--- Task ---
Leave out the pictures and retype, exactly, the lines below from the line with "CAUTION: Place a" up to and including the line with "GGCMS PAIL | |||", nothing more.

--- Supplied material ---

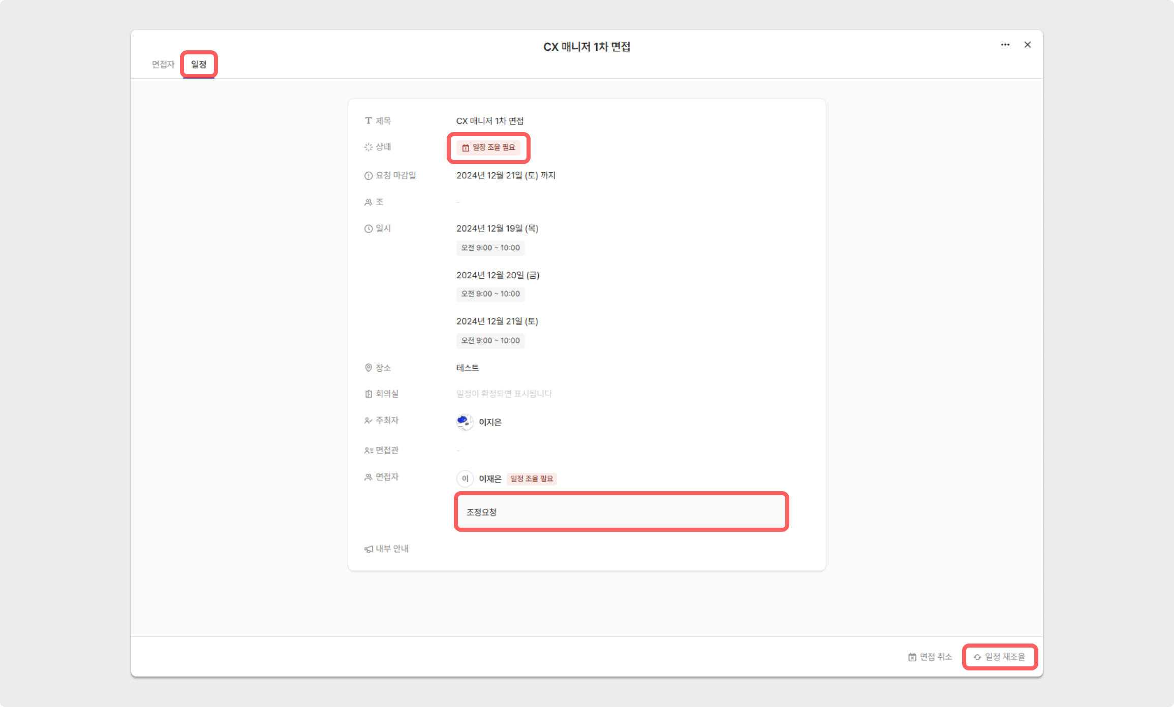 해당 지원자의 지원자 상세 페이지에 접속한 후 우측 상단에 나타나는 일정 변경 요청 버튼을 클릭하거나, 메일과 슬랙 등의 확인하러 가기 버튼을 클릭하면 곧바로 일정 변경 화면이 나타납니다.
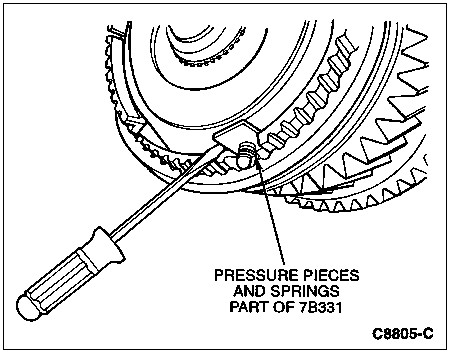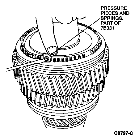 CAUTION: Place a cloth around the synchronizer to catch the compression springs and pressure pieces that will be released when the sliding sleeves are removed.
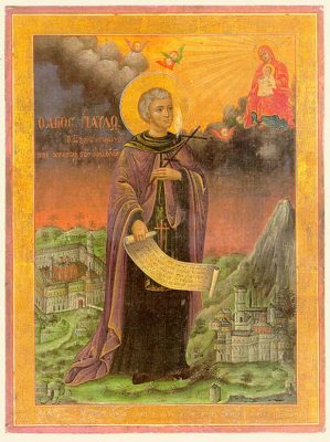 Преподобный Павел Ксиропотамский, в миру Прокопий, был сыном Константинопольского императора Михаила Куропалата, который впоследствии сложил с себя царское достоинство и принял иночество в построенном им монастыре. Получив блестящее образование, Прокопий стал одним из ученейших людей своего времени. Его Слово на Введение во храм Пресвятой Богородицы, канон Сорока мученикам, канон Честному Кресту и другие труды снискали ему заслуженную славу. Но ученость и почетное положение в свете не увлекли Прокопия. Оставив все мирское, сменив богатые одежды на нищенское рубище, он ушел на Святую Гору, на место Ксиропотам, построил себе келлию в развалинах разоренной обители, основанной некогда царицей Пульхерией в честь 40 мучеников, и принял от пустынника Космы постриг с именем Павел.
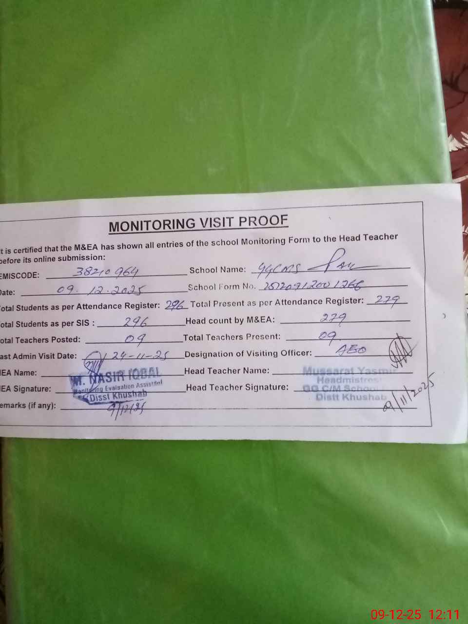 | EMIS Code: 38210964 | Name of School: GGCMS PAIL | |||
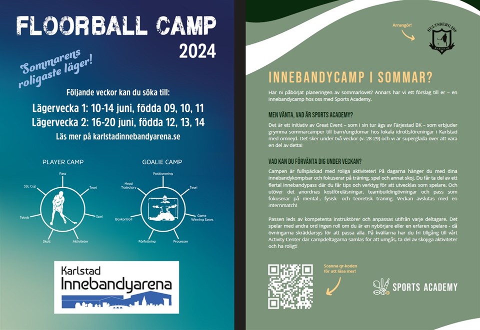 Vi vill tipsa om två sommarläger som finns att anmäla sig till här i Karlstad. Dessa läger är mycket utvecklande för barnen innebandymässigt och ger även många nya innebandyintresserade kompisar. Herrhagens IF har är inte en av de arrangerande föreningarna och har ingen annan koppling till dem än att vi ser positivt på att de som vill och kan är med. Brukar vara ett gäng barn från Herrhagens IF som är med och är man flera kan man turas om med skjuts etc. De två lägren vi fått information om är: Floorball camp för barn födda 2012-2014 Arrangeras i Tingvallahallarna 16-20 juni av Karlstads innebandyarena (Karlstads IBF, Skattkärr m.fl) Länk till anmälan Floorball camp 2024 Sports academy för barn födda 2012-2017 Arrangeras av Hultsberg IBF v. 28 och 29 och man kan välja att delta hel- eller halv vecka. Länk till hemsidan P 2015/2016 18.30-19.30-gruppen 15 feb 2024 0kommentarer
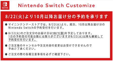 状況を重くみた任天堂は、6月22日に『「Nintendo Switch本体」品薄のお詫びとお知らせ』を同社のWebサイトへ掲載。秋以降に生産体制を強化する旨を告知した。8月22日からは任天堂の公式オンラインストア「マイニンテンドーストア」でも、10月以降に届くニンテンドースイッチの予約受付を開始した。時間はかかるが確実に入手できる方法として期待されたが、アクセスの集中で接続できない。ついには年の瀬に入る前から、「マイニンテンドーストア」での購入ではクリスマスプレゼントに間に合わない事態に陥った。
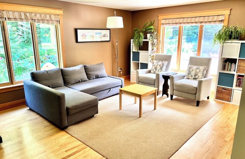 There are two inviting living rooms, separated by a glass pocket door for added privacy if additional sleeping space is needed. These rooms are flooded with natural light and only trees can be seen from all of the large windows. The family room couch pulls out into a double bed, and we provide an inflatable queen mattress which fits comfortably in the second living room. You're welcome to use your Netflix, Crave, Prime TV or Disney+ accounts on the TV, but please do not use the fireplace.
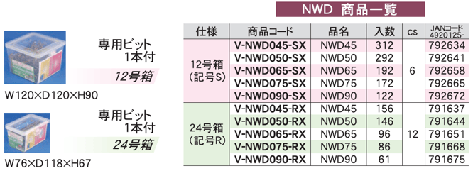 | NWD | NWD45 | 156本 | ビット付 | 24号箱 |

--- Answer box ---
 CAUTION: Place a cloth around the synchronizer to catch the compression springs and pressure pieces that will be released when the sliding sleeves are removed.
 Преподобный Павел Ксиропотамский, в миру Прокопий, был сыном Константинопольского императора Михаила Куропалата, который впоследствии сложил с себя царское достоинство и принял иночество в построенном им монастыре. Получив блестящее образование, Прокопий стал одним из ученейших людей своего времени. Его Слово на Введение во храм Пресвятой Богородицы, канон Сорока мученикам, канон Честному Кресту и другие труды снискали ему заслуженную славу. Но ученость и почетное положение в свете не увлекли Прокопия. Оставив все мирское, сменив богатые одежды на нищенское рубище, он ушел на Святую Гору, на место Ксиропотам, построил себе келлию в развалинах разоренной обители, основанной некогда царицей Пульхерией в честь 40 мучеников, и принял от пустынника Космы постриг с именем Павел.
 | EMIS Code: 38210964 | Name of School: GGCMS PAIL | |||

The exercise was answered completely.